8.4 In the said reference case learned Labour Court rendered award dated 25.2.2002 in favour of the claimant. Feeling aggrieved by said award dated 25.2.2002 in Reference (LCS) No.175 of 1993 Patdi Taluka Panchayat preferred Special Civil Application No.12086 of 2003. 8.5 This Court rejected the petition filed by the Patdi Taluka Panchayat. Feeling aggrieved by order dated 12.12.2003 passed by learned Single Judge in Special Civil Application No.12086 of 2003 the said petitioner Patdi Taluka Panchayat filed Letters Patent Appeal No.663 of 2004. By decision dated 20.9.2011 Hon'ble Division Bench allowed the appeal and Hon'ble Division Bench set aside the order dated 12.12.2003 passed by learned Single Judge in Special Civil Application No.12086 of 2003. Hon'ble Division Page 6 C/SCA/4835/2016 JUDGMENT Bench also set aside award dated 25.2.2002 passed by learned Labour Court in Reference (LCS) No.175 of 1993.

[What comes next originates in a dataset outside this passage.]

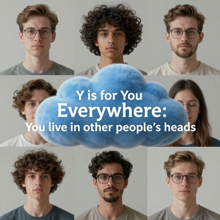 Discover You Everywhere in this enchanting page from GPT Pro Sutras's A-Z adventure. You live in everyone’s thoughts, like stars in a night sky. Perfect for young readers ages 3-8.

9. In the said decision dated 20.9.2011 Hon'ble Division Bench observed and held that:-
"3. It is the case of the appellant that the respondent herein was employed as Anganwadi Helper vide order dated 31.05.1998 on honorarium basis with a specific condition that she is not employed in the regular establishment. As the respondent was irregular in performing her duties and due to unauthorised leave taken by her from 01.12.1993 to 15.12.1993 her honorarium was deducted. Thereafter, the respondent was issued notices on 03.03.1993, 09.03.1993, 13.03.1993 & 15.03.1993. Ultimately, on 23.03.1993 after hearing the respondent, she was relieved. Being aggrieved by the said relieving order, the respondent employee approached the labour court by way of filing LCS No. 375 of 1993. The labour court by way of award dated 25.02.2002 reinstated the respondent employee with 100% backwages. Being aggrieved by the said award, the appellant approached this court by way of filing Special Civil Application No. 12086 of 2003 whereby the learned Single Judge confirmed the award passed by the labour court and dismissed the writ petition vide order dated 12.12.2003. Hence the present appeal is filed challenging the impugned order passed in the writ petition.
4. Mr. H.S. Munshaw, learned advocate appearing for the appellant panchayat submitted that the respondent was appointed only on honorary basis as Anganwadi Helper under a scheme known as Integrated Child Development (ICDS) and that she was not a workman as defined under the provisions of Section 2(s) of the Industrial Disputes Act, 1947 (hereinafter referred to as 'the Act'). He submitted that the respondent was not paid wages as defined under the provisions of Industrial Disputes Act, 1947 and therefore she ought not to have been granted any relief by the Labour Court as the provisions of the Act were not applicable in her case.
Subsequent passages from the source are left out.